% Generated by roxygen2: do not edit by hand
% Please edit documentation in R/PRISM.R
\name{PRISM}
\alias{PRISM}
\alias{PRISM.default}
\alias{PRISM.formula}
\title{PReprocessing Instances that Should be Misclassified}
\usage{
\method{PRISM}{formula}(formula, data, ...)

\method{PRISM}{default}(x, classColumn = ncol(x), ...)
}
\arguments{
\item{formula}{A formula describing the classification variable and the attributes to be used.}

\item{data, x}{Data frame containing the tranining dataset to be filtered.}

\item{...}{Optional parameters to be passed to other methods.}

\item{classColumn}{positive integer indicating the column which contains the
(factor of) classes. By default, the last column is considered.}
}
\value{
An object of class \code{filter}, which is a list with seven components:
\itemize{
   \item \code{cleanData} is a data frame containing the filtered dataset.
   \item \code{remIdx} is a vector of integers indicating the indexes for
   removed instances (i.e. their row number with respect to the original data frame).
   \item \code{repIdx} is a vector of integers indicating the indexes for
   repaired/relabelled instances (i.e. their row number with respect to the original data frame).
   \item \code{repLab} is a factor containing the new labels for repaired instances.
   \item \code{parameters} is a list containing the argument values.
   \item \code{call} contains the original call to the filter.
   \item \code{extraInf} is a character that includes additional interesting
   information not covered by previous items.
}
}
\description{
Similarity-based filter for removing label noise from a dataset as a
preprocessing step of classification.
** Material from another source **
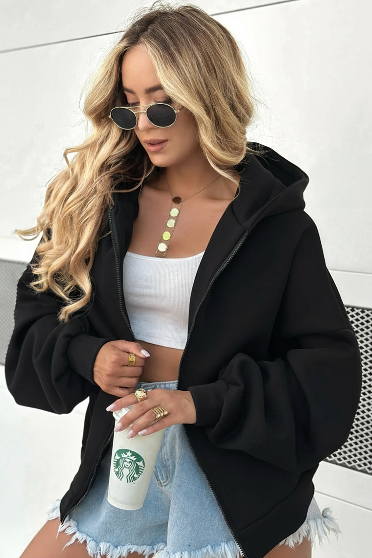 • Model ima jednobojni dezen, bočne džepove, kapuljaču i overize kroj.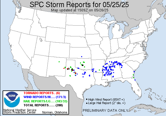 There was plenty of severe weather again over the last 24 hours, and the SPC map of reports provides an opportunity to look at one of the challenges of severe weather forecasting and communication: distinguishing between coverage and intensity of severe weather. As expected, the most intense severe storms on Sunday and Sunday night were in the Southern Plains, as clusters of supercell storms produced more than 30 reports of very large (2” or larger) hail and several tornadoes. From a coverage perspective, though, the most widespread severe weather occurred over the Mid-South and Tennessee Valley region, where a band of severe storms moved during the late afternoon and evening hours, producing more than 100 reports of wind damage.

For more information, see 'Details' and
'References' sections.
}
\details{
\code{PRISM} identifies \emph{ISMs} (Instances that Should be Misclassified) and removes them from the dataset.
In order to do so, it combines five heuristics based on varied approaches by means of a formula.
One heuristic relies on class distribution among nearest neighbors, two heuristics are based on the class
distribution in a leaf node of a C4.5 tree (either pruned or unpruned), and the other two are based on
the class likelihood for an instance, assuming gaussian distribution for continuous variables when necessary.
}
\examples{
data(iris)
out <- PRISM(Species~., data = iris)
print(out)
identical(out$cleanData, iris[setdiff(1:nrow(iris),out$remIdx),])
}
\references{
Smith M. R., Martinez T. (2011, July): Improving classification accuracy by identifying
and removing instances that should be misclassified.
In \emph{Neural Networks (IJCNN), The 2011 International Joint Conference on} (pp. 2690-2697). IEEE.
}